Friends of the family said the boy’s mother, Marie Atallah, had been packing for a trip the family planned to take today and turned on a video for Joseph to watch.
“He sat down in front of the set, and when she came back around he wasn’t there,” Holly Risha said at the family’s home. “It is so awful. They loved that baby so much. . . . He was their life.”
Police said Marie Atallah, 26, found the child in the pool and jumped in after him. She pulled him out and called 911 at 3:38 p.m.
“She was so emotional when the paramedics got here,” said Chris Halsted, who lives across the street. “I looked outside and she was soaking wet, climbing into the front seat of the ambulance.”
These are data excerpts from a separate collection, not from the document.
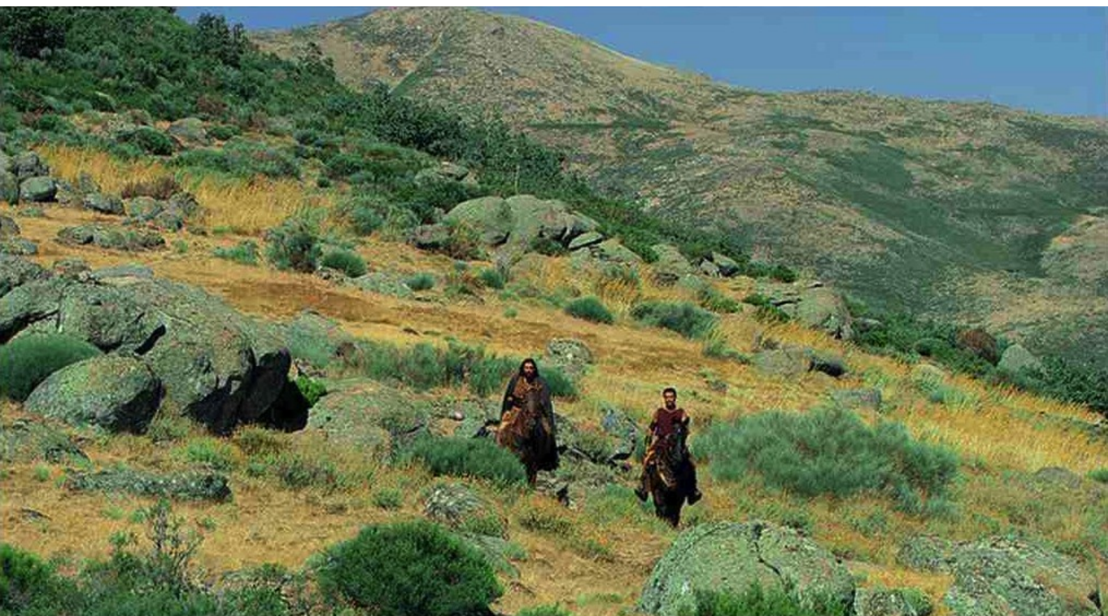
Hispania, la Leyenda : Viriate qui reste en liberté avec ses compagnons.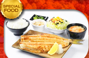
เมนูพิเศษ Set ปลาซอกเกะ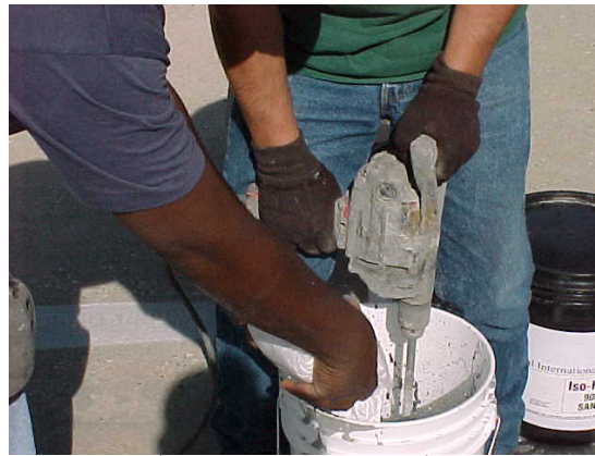
8. Mexclar componentes durante 1 minuto.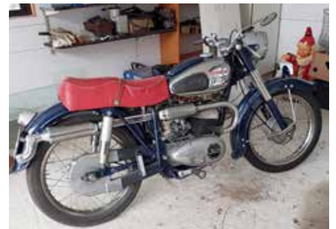
Naturligtvis har Sven också en civil Monark Blue Arrow. Självklart är den också av årsmodell 1954.

The drowning is the fourth in the county this year, officials said. One involved a 20-month-old toddler who drowned in his grandparents’ backyard swimming pool in Yorba Linda, while the two other victims were adults. One Sunday afternoon in May, three children nearly drowned in separate incidents.
“It only takes a second, and they’re gone,” said Capt. Scott Brown, an Orange County Fire Authority spokesman.
Last year, Orange County led the nation in child drownings with 15 deaths and 20 near-drownings, officials said. The numbers prompted fire officials to sponsor a countywide Water Watch program that encourages people to designate an adult who knows CPR to watch over children in or near a pool. Most victims who drown in pools are younger than 5, and drowning is the leading cause of death for children 8 or younger in the United States, officials said.
“Supervision is mandatory,” said Huntington Beach Fire Chief Greg Wiggins. “When you can’t find your child for a second, you’re not always going to look in the swimming pool first . . . and time is passing by.”